Solitary wave solutions as inverse problem

	Computational Mathematics Seminar Series
	Solitary wave solutions as inverse problem
	Tchavdar Marinov, Southern University at New Orleans
	Assistant Professor of Mathematics
	Johnston Hall 338 February 07, 2012 - 03:30 pm
Abstract: A special numerical technique has been developed for identification of solitary wave solutions of Boussinesq and Korteweg--de Vries equations. Stationary localized waves are considered in the frame moving to the right. The original ill-posed problem is transferred into a problem of the unknown coefficient from over-posed boundary data in which the trivial solution is excluded. The Method of Variational Imbedding is used for solving the inverse problem. The generalized sixth order Boussinesq equation is considered for illustrations.

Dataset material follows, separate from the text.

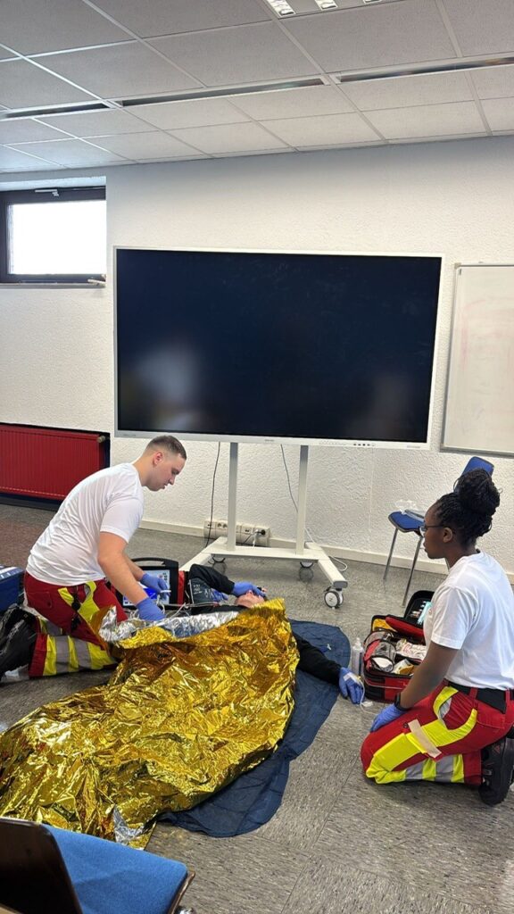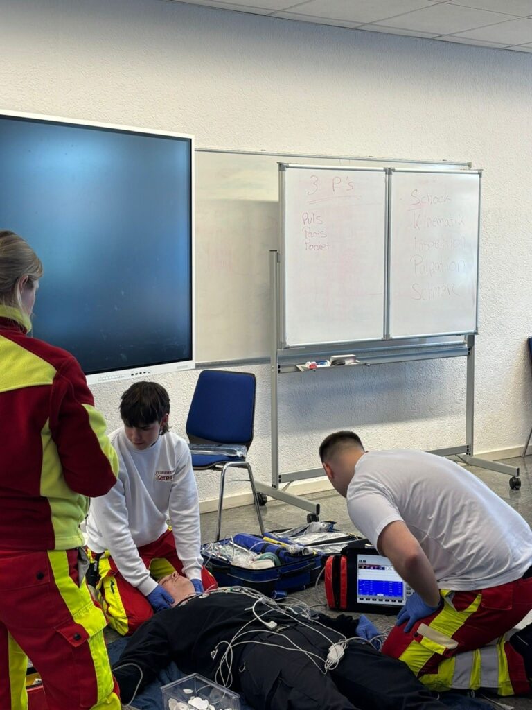 Nach einer kurzen Eingewöhnungsphase starteten die Auszubildenden des 1. Lehrjahres nun in ihr erstes Praxistraining auf der Feuer- und Lehrrettungswache Kerpen. Zwei intensive Tage lang ging es darum, rettungsdienstliche Abläufe sicher anzuwenden, Anamnesen strukturiert zu erheben und vor allem eines zu üben: klare und empathische Kommunikation mit Patientinnen und Patienten.
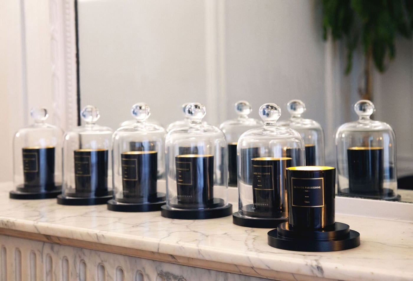 La Note Parisienne possède une gamme de 14 bougies représentant chacune un arrondissement de Paris chargé d’histoire, une ligne privée de 6 bougies noir et or ayant pour thème les grandes villes mondiales comme Londres ou Rome, mais également des sprays d’ambiance.

Speaker's Bio: Dr. Marinov is an assistant professor of mathematics at Southern University, New Orleans. He has a Ph.D. degree in Applied Mathematics from Bulgarian Academy of Science and a Ph.D. degree in Mathematics from the University of Louisiana, Lafayette, two years postdoctoral research in Saitama Institute of Technology, Japan, and one year of research in University of Alberta, Canada, His main research interests are in the areas of Differential Equations and Numerical Analysis, especially Inverse and Ill-posed problems. His hobby is connected with Statistics.

Refreshments will be served.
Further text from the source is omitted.